The lesson is uncomfortable but clear. If you want to be cited by AI engines, you need to be a primary source. That means original reporting, original data, original analysis. It means being the authority on your subject, not the curator of other people’s authority.

The AI engine skips the aggregator and goes straight to the source. The aggregation strategy that worked for a decade is now a liability.

A 30-day checklist

The shift to GEO is real, but it is also concrete. There is a playbook, and it can be executed in roughly 30 days. Here is the sequence.

Week one: Audit existing schema. Run a crawl of your site and check every page for schema.org markup. Identify pages that are missing Article or Organization types. Flag pages that have incomplete markup, especially missing author, publisher, or datePublished properties (Schema.org: Article). This is the diagnostic phase. You cannot fix what you have not measured.

Week two: Add sameAs links to Wikidata. For every organization on your site, create or update its Wikidata entry. Then add a sameAs link in your Organization schema pointing to that entry (Schema.org: Organization). This is the highest-leverage single action you can take. It creates the machine-readable identity chain that AI engines use to trust your content.

Week three: Implement llms.txt. Create the file at your root domain. List your best pages, the ones that are primary sources on their subjects. Prioritize depth over breadth.

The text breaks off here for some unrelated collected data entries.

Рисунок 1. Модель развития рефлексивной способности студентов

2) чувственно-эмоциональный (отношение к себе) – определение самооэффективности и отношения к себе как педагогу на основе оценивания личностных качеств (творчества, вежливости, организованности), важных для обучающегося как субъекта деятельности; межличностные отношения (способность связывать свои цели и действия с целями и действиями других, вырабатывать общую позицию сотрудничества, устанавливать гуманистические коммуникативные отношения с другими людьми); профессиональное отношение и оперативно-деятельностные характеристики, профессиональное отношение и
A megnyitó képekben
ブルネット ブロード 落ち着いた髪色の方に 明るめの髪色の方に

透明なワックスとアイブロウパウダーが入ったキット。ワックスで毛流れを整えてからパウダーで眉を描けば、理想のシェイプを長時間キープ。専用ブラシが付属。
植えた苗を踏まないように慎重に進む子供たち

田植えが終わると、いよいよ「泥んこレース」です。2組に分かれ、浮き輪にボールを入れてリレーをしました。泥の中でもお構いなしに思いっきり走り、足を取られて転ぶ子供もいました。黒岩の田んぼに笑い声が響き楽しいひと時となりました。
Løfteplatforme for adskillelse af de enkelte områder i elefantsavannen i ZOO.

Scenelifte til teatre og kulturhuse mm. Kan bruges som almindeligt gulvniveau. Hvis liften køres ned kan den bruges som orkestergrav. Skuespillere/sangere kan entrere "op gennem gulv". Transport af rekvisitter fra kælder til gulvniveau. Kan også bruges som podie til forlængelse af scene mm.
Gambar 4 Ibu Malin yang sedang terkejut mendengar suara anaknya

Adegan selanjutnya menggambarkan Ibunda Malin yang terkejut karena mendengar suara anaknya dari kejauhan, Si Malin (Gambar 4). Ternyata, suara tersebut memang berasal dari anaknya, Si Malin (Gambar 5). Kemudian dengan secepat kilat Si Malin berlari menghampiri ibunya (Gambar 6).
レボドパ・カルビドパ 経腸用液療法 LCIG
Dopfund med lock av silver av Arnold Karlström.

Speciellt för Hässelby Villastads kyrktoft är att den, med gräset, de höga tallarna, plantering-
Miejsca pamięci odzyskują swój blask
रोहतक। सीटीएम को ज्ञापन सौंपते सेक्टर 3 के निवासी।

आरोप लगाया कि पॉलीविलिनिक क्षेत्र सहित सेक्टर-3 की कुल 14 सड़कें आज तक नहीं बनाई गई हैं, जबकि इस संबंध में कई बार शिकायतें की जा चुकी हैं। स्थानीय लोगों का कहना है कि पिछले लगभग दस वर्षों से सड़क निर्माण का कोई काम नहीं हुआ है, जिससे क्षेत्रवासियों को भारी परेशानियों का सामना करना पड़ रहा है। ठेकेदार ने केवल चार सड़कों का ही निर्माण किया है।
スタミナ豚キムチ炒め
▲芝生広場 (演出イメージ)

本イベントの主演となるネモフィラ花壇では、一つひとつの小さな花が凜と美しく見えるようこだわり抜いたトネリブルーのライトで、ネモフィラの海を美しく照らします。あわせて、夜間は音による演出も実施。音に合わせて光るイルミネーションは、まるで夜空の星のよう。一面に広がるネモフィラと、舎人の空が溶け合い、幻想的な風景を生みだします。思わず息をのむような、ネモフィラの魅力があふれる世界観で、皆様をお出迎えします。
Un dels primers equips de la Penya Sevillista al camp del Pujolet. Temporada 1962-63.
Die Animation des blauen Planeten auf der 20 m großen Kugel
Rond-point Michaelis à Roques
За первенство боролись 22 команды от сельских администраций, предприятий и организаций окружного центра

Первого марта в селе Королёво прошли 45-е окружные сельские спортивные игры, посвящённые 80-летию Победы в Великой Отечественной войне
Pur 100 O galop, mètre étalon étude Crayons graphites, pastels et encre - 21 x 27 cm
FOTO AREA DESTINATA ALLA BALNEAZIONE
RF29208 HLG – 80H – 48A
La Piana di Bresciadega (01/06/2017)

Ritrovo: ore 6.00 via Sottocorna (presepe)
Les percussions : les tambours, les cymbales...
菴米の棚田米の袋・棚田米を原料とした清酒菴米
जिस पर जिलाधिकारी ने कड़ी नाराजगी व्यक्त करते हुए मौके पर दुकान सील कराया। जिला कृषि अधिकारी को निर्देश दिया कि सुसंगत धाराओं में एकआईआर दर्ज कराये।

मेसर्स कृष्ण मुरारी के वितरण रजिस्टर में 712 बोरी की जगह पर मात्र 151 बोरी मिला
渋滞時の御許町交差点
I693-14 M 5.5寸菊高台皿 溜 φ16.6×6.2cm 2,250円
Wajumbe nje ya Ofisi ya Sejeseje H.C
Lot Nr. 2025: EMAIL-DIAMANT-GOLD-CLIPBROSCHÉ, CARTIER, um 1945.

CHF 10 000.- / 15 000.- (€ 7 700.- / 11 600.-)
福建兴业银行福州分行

A short list of high-quality pages is better than a long list of everything (llms.txt project page). Monitor your server logs for requests to the file. If no AI providers are hitting it, that is useful information.

Week four: Shift content strategy toward primary-source reporting. This is the hard part. Stop writing listicles that aggregate other people’s work. Start writing original analysis, original data, and original reporting. Every piece of content should be the primary source for something. If it is not, it is unlikely to be cited by an AI engine, and its traffic will continue to decline.

The checklist is simple. The execution is not. But the alternative is worse. The alternative is watching your traffic decline quarter over quarter while your rankings stay flat, wondering what changed.

The honest summary

SEO is not dead. But the version of SEO that rewarded aggregation, keyword density, and link-building at the expense of authority is dying. The new version rewards entity-density, structured data, and primary-source authority. It rewards being the source, not the curator.

The AI engines are not trying to destroy publishing. They are trying to answer questions. They will cite the sources that make that job easiest. The publishers that adapt to that reality will be cited. The ones that do not will be invisible.

That is not a judgment. It is a signal. And like any signal, it can be read and acted on. The question is whether you will read it before your traffic tells you the same story in numbers.